_Data_:
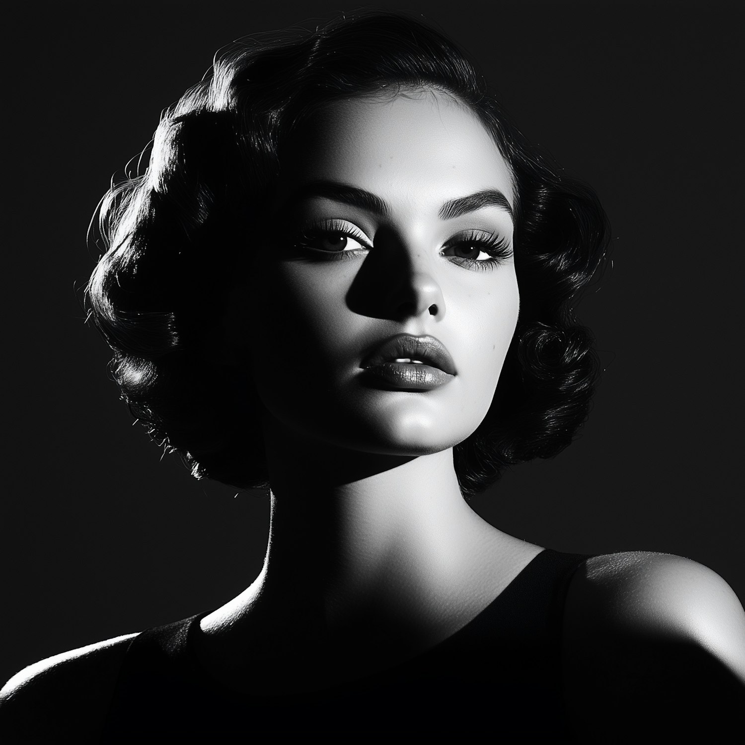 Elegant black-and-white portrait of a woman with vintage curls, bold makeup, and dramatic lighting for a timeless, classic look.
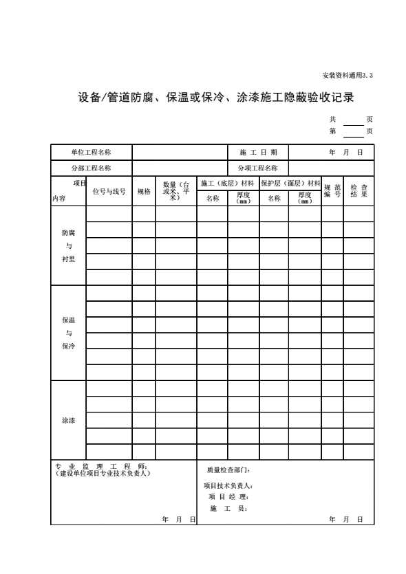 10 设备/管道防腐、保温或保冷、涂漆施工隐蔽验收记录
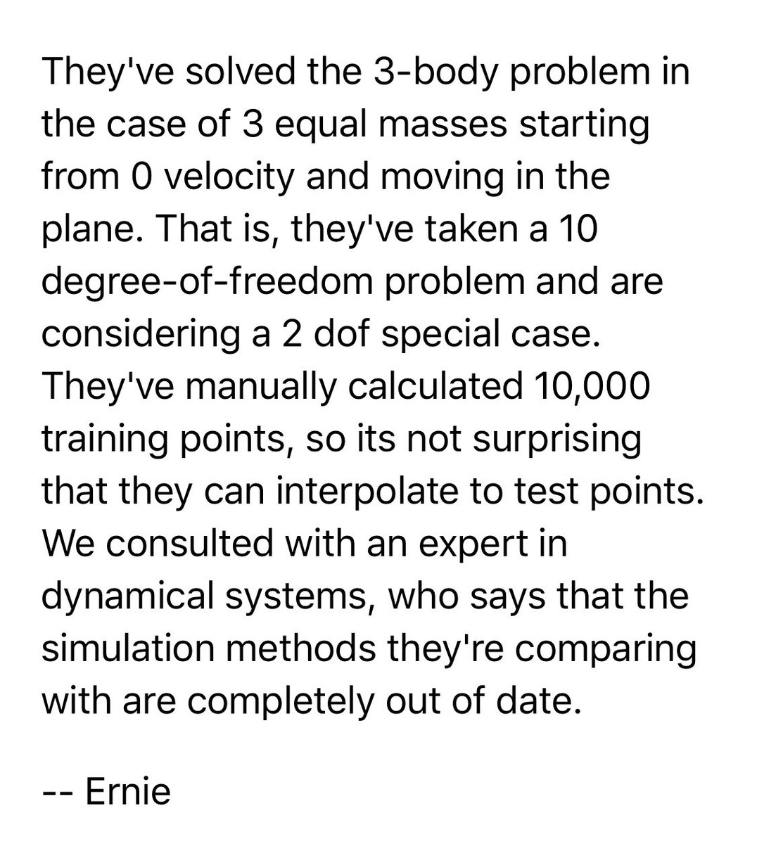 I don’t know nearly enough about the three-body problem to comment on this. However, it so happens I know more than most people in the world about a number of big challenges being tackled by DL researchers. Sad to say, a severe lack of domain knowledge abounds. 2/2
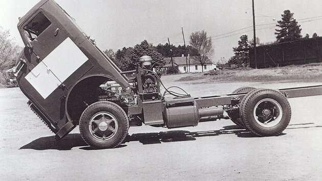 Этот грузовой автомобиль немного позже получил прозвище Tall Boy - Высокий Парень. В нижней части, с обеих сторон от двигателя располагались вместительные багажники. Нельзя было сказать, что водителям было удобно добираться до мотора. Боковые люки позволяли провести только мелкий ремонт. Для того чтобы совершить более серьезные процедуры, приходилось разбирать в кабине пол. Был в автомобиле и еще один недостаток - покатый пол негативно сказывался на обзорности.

_Exercise prompt_: Your answer should hold only the lines from the one with "I don’t know" through the final line of the listing above, transcribed exactly and without pictures.

_Your solution_:
 I don’t know nearly enough about the three-body problem to comment on this. However, it so happens I know more than most people in the world about a number of big challenges being tackled by DL researchers. Sad to say, a severe lack of domain knowledge abounds. 2/2
 Этот грузовой автомобиль немного позже получил прозвище Tall Boy - Высокий Парень. В нижней части, с обеих сторон от двигателя располагались вместительные багажники. Нельзя было сказать, что водителям было удобно добираться до мотора. Боковые люки позволяли провести только мелкий ремонт. Для того чтобы совершить более серьезные процедуры, приходилось разбирать в кабине пол. Был в автомобиле и еще один недостаток - покатый пол негативно сказывался на обзорности.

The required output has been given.